Fabiane seguiu o conselho e o médico conveniado detectou o problema, aliás corriqueiro: Yago tem alergia a leite de vaca, que baixa a sua imunidade. E era o que Yago, que não foi amamentado, mais tomava. Fabiane passou a recolher caixas de leite de soja na Faculdade de Farmácia. E Yago, agora com 1 ano e 10 meses, forte e saudável, nunca mais tomou antibióticos.

“Os médicos estão com bastante gente para atender e falam bem rápido”, explica Maria Amélia Vasconcelos, de 69 anos, que toma 12 remédios para controlar a pressão alta e os efeitos colaterais dos próprios remédios. “A gente fica nervosa. É lerdeza da gente, também”, desculpa.

Às vezes, no entanto, quando tentam dar mais informações sobre seu caso, os pacientes são desencorajados pelos médicos. Houve um caso de um paciente hipertenso, por exemplo, que foi passar por um clínico-geral do posto de saúde por causa de uma gastrite. Quando lhe disse que tomava propanolol, um anti-hipertensivo, o médico respondeu que não tinha nada com isso:

“Propanolol é com a enfermeira”, disse ele, aparentemente interpretando que o paciente estava lhe pedindo remédio.

Para pacientes como Maria Amélia, os estudantes fazem frascos especiais, mais fáceis de identificar, com rótulos coloridos, às vezes um sol ou lua desenhados para indicar se devem ser tomados de dia ou de noite. “Com eles, me acostumei mais com o jeito de tomar remédios”, diz ela.

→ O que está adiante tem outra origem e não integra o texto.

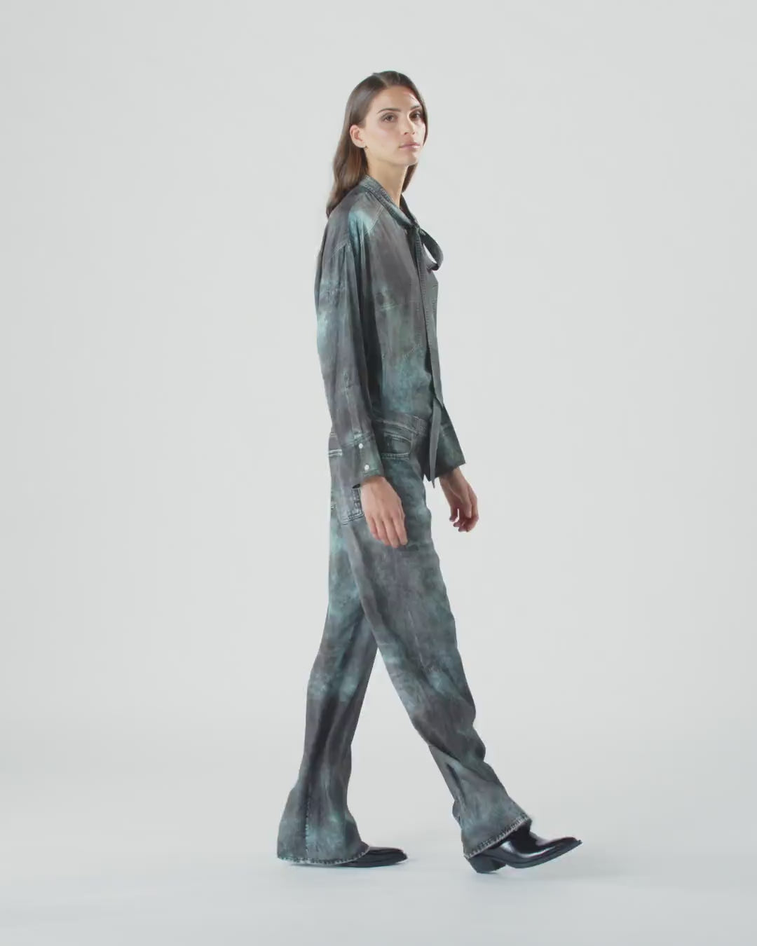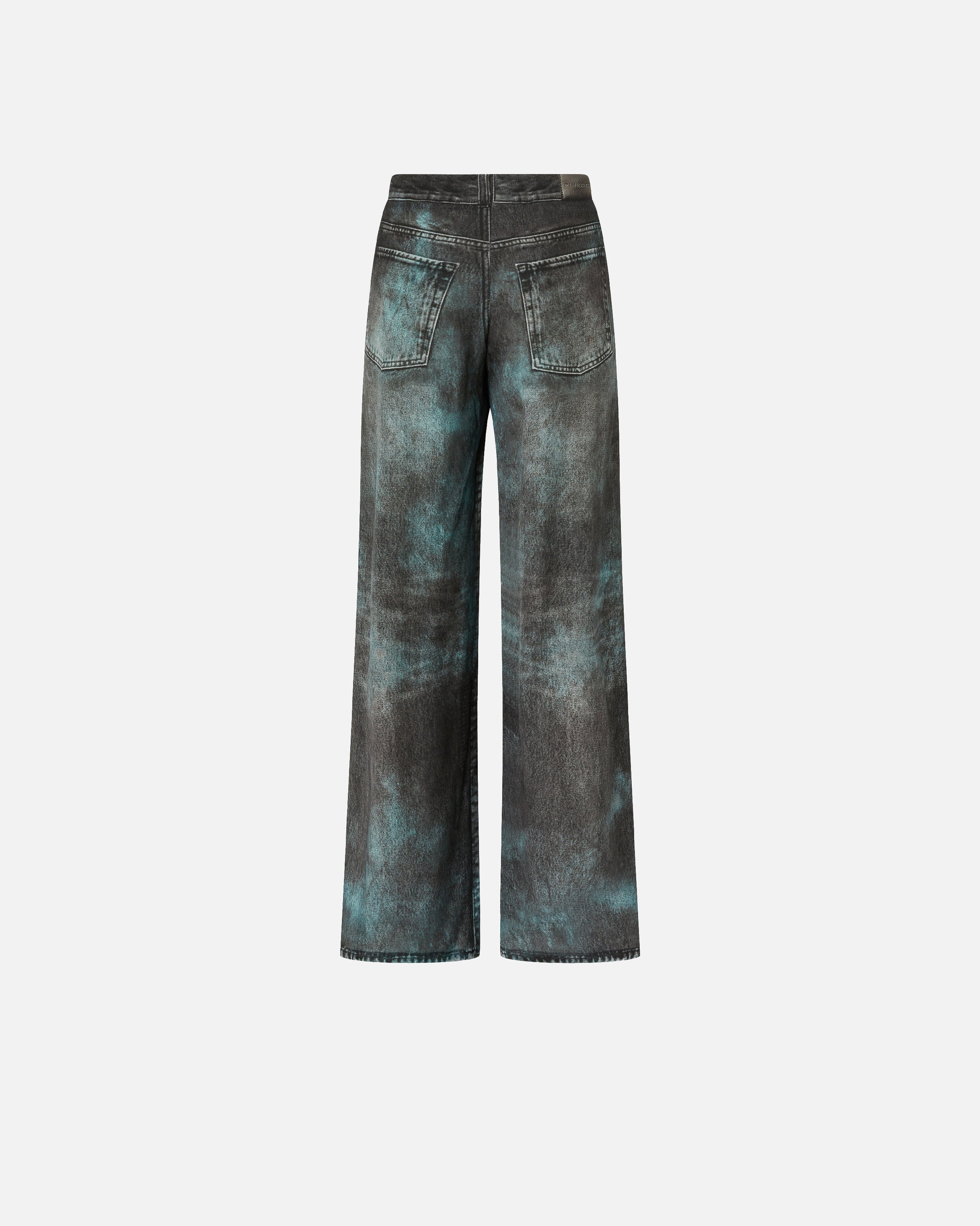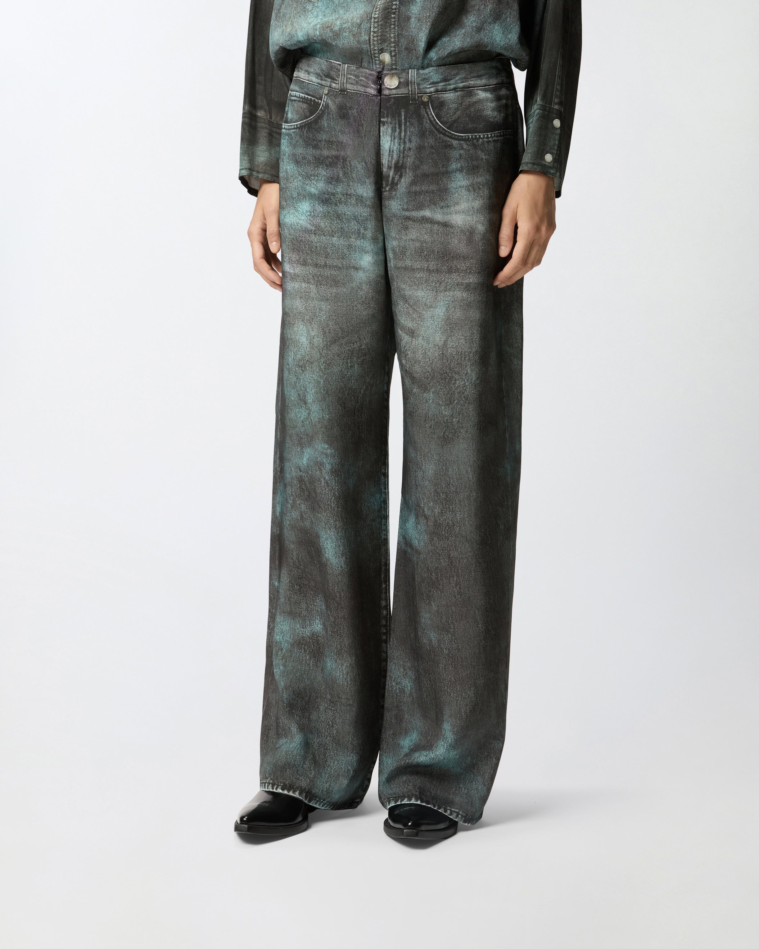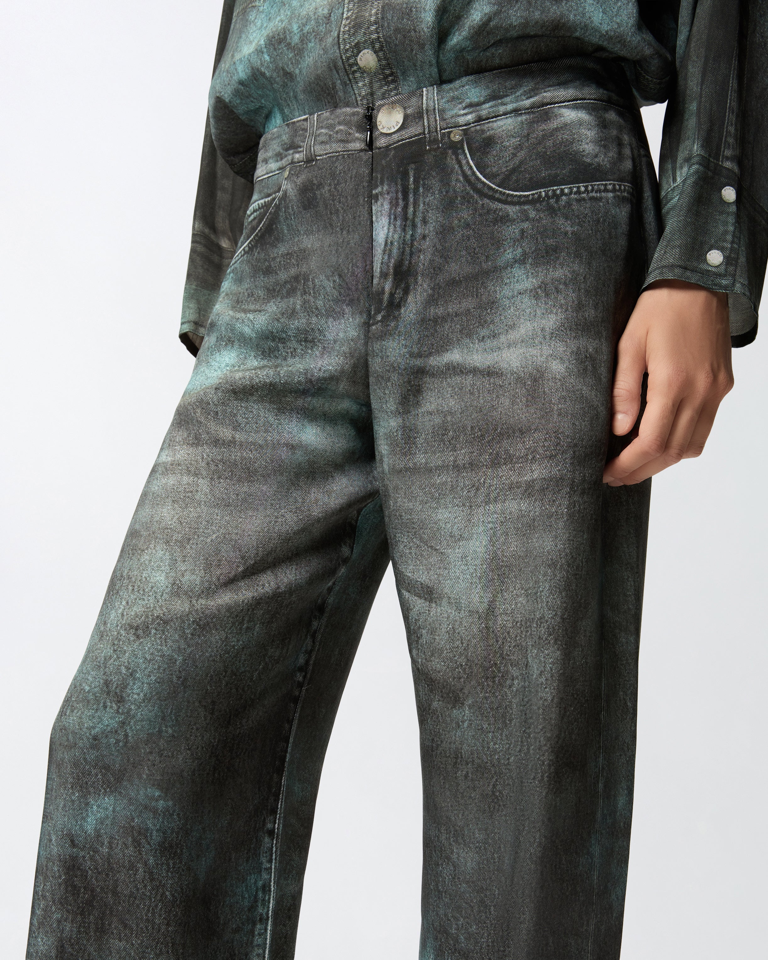 Pantalones largos de pernera ancha con cierre frontal discreto con corchete y cremallera. La prenda está confeccionada en sarga de viscosa de tacto fluido y adquiere tridimensionalidad gracias al sofisticado estampado con efecto óptico, que crea la ilusión de un tejido denim con efecto mal teñido y que reproduce los elementos típicos de los vaqueros. Convierte tu conjunto en una obra de arte y luce estos pantalones con la camisa a juego para crear un look coordinado original que no te dejará pasar desapercibida.

Saturnino Oliveira, de 70 anos, e sua mulher Maria, de 71, são analfabetos. Quem lê os rótulos e prescrições é o filho mais novo do casal, Adriano, de 21 anos, que sofre de esquizofrenia, mas estudou até a oitava série.

Saturnino tem diabete e bico-de-papagaio e está cego de um olho. A diabete está controlada, graças às orientações dos estudantes. Sua coluna dói muito, mas, como não consegue andar, ele não tem como ir ao centro, para passar num especialista.

Numa de suas crises, Saturnino tomou dipirona. Imediatamente seu rosto inchou, enquanto o corpo todo coçava. Um vizinho o levou de carro ao pronto-socorro. Deram-lhe três injeções. O inchaço passou, mas a coceira voltou depois, mesmo sem dipirona. “Tem de ir ao médico para descobrir de que é a alergia”, recomenda a estudante Gabriela Celebrone, que aproveita a visita da reportagem para fazer o seu trabalho.

Maria zela pela rotina de remédios do marido e do filho, mas se esquece dos seus. Com uma tosse, que a faz “pensar que vai morrer”, Maria recebeu receita de um xarope. “Um dia tomo quatro vezes, outro uma, tem dia que não tomo nenhuma”, conta Maria, que tem sentido dores de cabeça. A bula do xarope diz que ele só pode ser tomado até cinco dias seguidos. E um de seus efeitos adversos é dor de cabeça. Mas Maria não se lembra de quando começou a tomá-lo.